Focus on mapping your cash needs to when you think you will have some clinical catalyst. Your cash should take you through those events or get you to an event that provides an opportunity to go back to investors to request more capital to move programs ahead. 

Companies that are well-funded are allowed to make decisions that are more fundamentally rooted in the science and the development, versus making decisions because their balance sheet needs it. 

"Map your cash needs against your clinical timelines, and to keep your valuation moderate."


What are the traits of biotechs that have weathered positive and negative economic environments? 

Those that have succeeded have shown creativity when it comes to fundraising, whether it's business development, partnerships, private equity financings, doing follow-ons, etc. 

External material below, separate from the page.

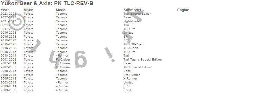 Yukon Gear & Axle Pinion Install Kit # PK TLC-REV-B - 8 in. - Incl. Timken Pinion Bearings/Races/Pilot Bearing If Applicable/Crush Sleeve If Applicable

The other trait is investing in the investor relationships, whether it is venture capital or the healthcare dedicated hedge fund community or the mutual fund community. Partnering with those people and having a few true believers not only helps you raise capital, but also gives you advocates across the biotech community. 


What activity would you advise biotechs to be cautious about? 

One is to avoid surrounding yourself with too many like-minded people. When you surround yourself with people that are just like you, you can make decisions that make sense at that time, but don’t take into account the full suite of information. Management teams should surround themselves with advisors who have a diversified set of opinions. It may be a trusted advisor at a bank that knows you over time, or bringing in a board observer, or having a head of IR who has been at more mature companies. 

The other is to take financing when it’s available. The macro sentiment in our industry can drive a lot of the value creation. Good companies going public in good times is excellent. Good companies going public in bad times can still be challenging. IPOs are about selling enthusiasm for the drugs being developed. If you don’t have that enthusiasm in the background, it can be difficult for even the best companies. 


What has been a lesson learned from your career? 

What I found was important in the healthcare industry was relationships with investors across this tight-knit healthcare dedicated community. Having trust and relationships is critical in fundraising. The other important thing is investing time and effort into building relationships with biotech companies over a long period of time.


What advice would you give to young people entering the finance industry?

One is that you've got to have passion and perseverance in this arena. Another is to find a role model to actively learn from. If you're looking for a long-term career, it’s critical to find yourself in a place where you can be challenged and are challenged with support. You're never going to be able to expand your horizon or do more if you don't feel like you have that support there.

Sometimes your career doesn't always make sense looking forward but does make sense looking back. Get the experience, find a role model, challenge yourself, because that is how you develop your gut and your sense of confidence.